The good society (and successful public policy) is one that intelligently uses its institutions to reconcile the “we” with the “I”. It is great institutions, in the private and public sectors, that bind society together and mitigate the worst excesses of collective strength and individual license. The problem is that we have too few and the ones we have are undermined by the “me first” domination that insists that anything to do with “us” is coercive and undermines freedom. .
So, despite ‘me first’, we are witnessing the success of the NHS through this pandemic, clearly dedicated to serving ‘us’ but never in an oppressive way. So, too, are the incredible vaccines incubated at the Jenner Institute in Oxford, the university itself an example of combining the “we” of a shared academic vocation but with 37 competing individual colleges. These were then deployed under the impetus of the Cell and Gene Therapy Catapult, an institution partly tax-funded and partly funded by its own commercial activities but dedicated to promoting the public interest of a cellular ecology and strong genetics. And it’s all thanks to an enlightened corporate capitalist, AstraZeneca, which has institutionally recognized its social purpose of promoting health by selling a billion doses at cost.
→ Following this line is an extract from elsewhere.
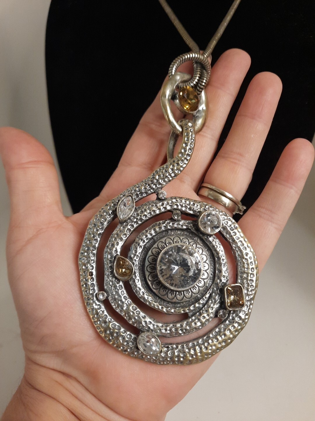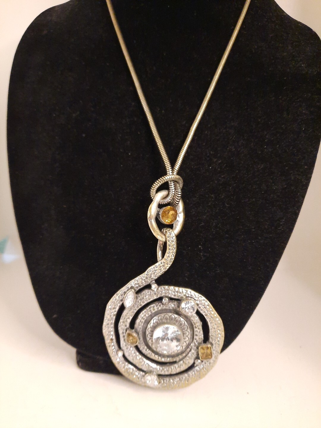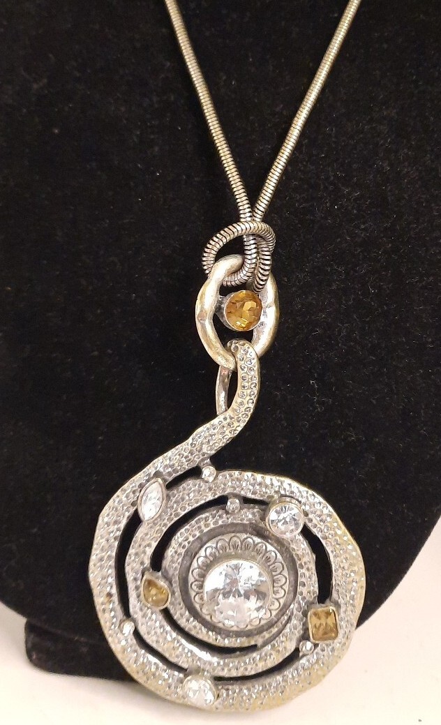 This vintage estate necklace features a chunky spiral cord with a lobster closure and a clear glass beaded chain. The pendant is an amulet style with a round citrine rhinestone and clear rhinestone accents. The necklace is 32 inches long and made of clear rhinestone and glass. The style is bold and beaded, perfect for adding bling to any outfit. The necklace has a beauty, art, and awareness theme and is a unique addition to any jewelry collection. Silver tone.

Another institution that has proven itself in the pandemic is the BBC, notably its political and health teams. Laura Kuenssberg and Ros Atkins, for example, showed the power of non-partisanship, while Fergus Walsh and Hugh Pym were role models for sound, informed reporting. This had a cascading effect on much of the media. In a deadly pandemic, beyond some conservative backbenchers and right-wing columnists, there can be no luxury in ideology. Everyone wants to get to the other side in the best and safest way possible.
Our democratic institutions have been less secure. Checks and balances essential to political integrity were found to be insufficient. It should never have been possible for the Prime Minister to use executive discretion, backed by a parliamentary majority, to retrospectively alter the terms of the Committee on Standards in Public Life; it must be understood that these institutions, including the Electoral Commission, can only be reformed deliberately and with the support of all parties. They represent “we”. Public procurement, too, has proven spectacularly prone to abuse. Meanwhile, the Conservative Party has demonstrated its institutional weakness, becoming hostage to its ultra-libertarian wing and arriving at public health policies erratically and often too late.
The larger lesson is clear. If we want the best of capitalism and less of the worst, we must build institutions in our economy, our society and our democracy that commit through their constitutions, from business to university, to uphold the values that are cherished: equality, equity, universality, transparency, societal obligation and sustainability. Indeed, in the face of the challenges of the 21st century – AI, net zero, scaling – large institutions are more important than ever. They will not emerge spontaneously from the markets and the functioning of capitalism. They must be created and sustained, the progressive project for decades to come.